In presenza di sintomi allarmanti (ad esempio perdita di peso significativa non intenzionale, vomito ricorrente, disfagia, ematemesi o melena) e in caso di ulcera gastrica presunta o accertata, è necessario escludere la presenza di tumore maligno in quanto il trattamento con esomeprazolo può alleviare i sintomi e ritardare la diagnosi.

I pazienti in trattamento a lungo termine (in particolare quelli trattati per più di un anno) devono essere tenuti sotto regolare monitoraggio.

I pazienti in trattamento a richiesta devono essere istruiti a contattare il proprio medico se i sintomi cambiano di tipologia. Quando si prescrive l’esomeprazolo per una terapia a richiesta, si devono tenere in considerazione le implicazioni per le interazioni con altri medicinali, dovute a concentrazioni plasmatiche fluttuanti dell’esomeprazolo. Vedere paragrafo 4.5.

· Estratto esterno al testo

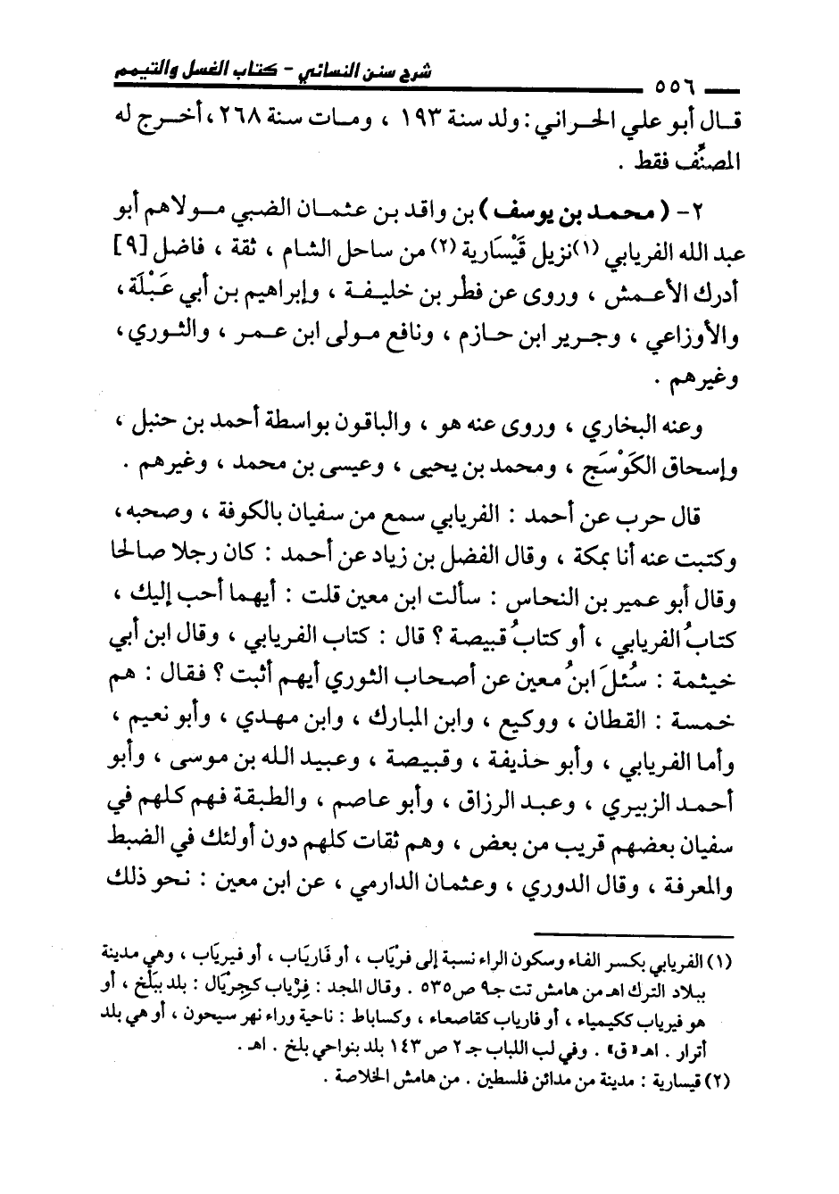 (¬1) الفريابي بكسر الفاء وسكون الراء نسبة إلى فرْيَاب، أو فَاريَاب، أو فيريَاب، وهي مدينة ببلاد الترك اهـ من هامش تت جـ 9 ص 535. وقال المجد: فِرْياب كجِرْيَال: بلد ببَلْخ، أو هو فيرياب ككيمياء، أو فارياب كقاصعاء، وكساباط: ناحية وراء نهر سيحون، أو هي بلد أترار. اهـ "ق". وفي لب اللباب جـ 2 ص 143 بلد بنواحي بلخ. اهـ.

Quando si prescrive l’esomeprazolo per l’eradicazione dell’Helicobacter pylori devono essere tenute in considerazione possibili interazioni di farmaci per tutti i componenti della terapia tripla. La claritromicina è un potente inibitore del CYP3A4 e dunque devono essere prese in considerazione le controindicazioni e le interazioni della claritromicina quando si usa la terapia tripla in pazienti che assumono in concomitanza altri farmaci metabolizzati tramite CYP3A4 quali cisapride.

Questo medicinale contiene saccarosio. I pazienti affetti da rari problemi ereditari di intolleranza al fruttosio, da malassorbimento di glucosio–galattosio o insufficienza della sucrasi–isomaltasi non devono assumere questo medicinale.

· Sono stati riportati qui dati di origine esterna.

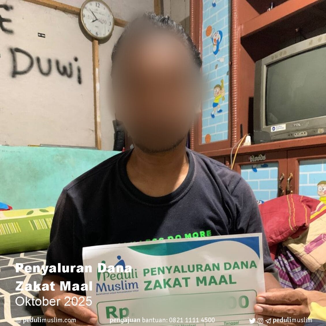 Bpk MK (41) Beliau kepala rumah tangga dengan dua orang anak dan satu orang istri. Bekerja sebagai karyawan pengrajin. Putri pertama beliau mengalami sakit berkaitan dengan sel darah merah yang tidak stabil. Qadarullah beberapa waktu yang lalu sepulang dari kontrol rutin, beliau sekeluarga mengalami kecelakaan, dan putri beliau yang pertama harus dirawat. Biaya perawatan tidak dibiayai oleh BPJS maupun Jasa Raharja, sehingga beliau harus berhutang untuk membayarnya. Sempat terbesit, beliau hendak meminjam di bank konvensional, alhamdulillah bisa dicegah agar tidak terjerumus ke ribawi. Lokasi: Pathuk, Kab. Gunungkidul.

Questo medicinale contiene paraidrossibenzoati che possono causare reazioni allergiche (eventualmente tardive).

Il trattamento con gli inibitori della pompa protonica può portare a un lieve aumento di infezioni gastrointestinali quali Salmonella e Campylobacter (vedere paragrafo 5.1).

La somministrazione concomitante di esomeprazolo con atazanavir non è raccomandata (vedere paragrafo 4.5). Se l’associazione di atazanavir con un inibitore della pompa protonica è giudicata inevitabile, si raccomandano un attento monitoraggio clinico e un aumento della dose di atazanavir fino a 400 mg con 100 mg di ritonavir. Non si deve superare la dose di 20 mg al giorno di esomeprazolo.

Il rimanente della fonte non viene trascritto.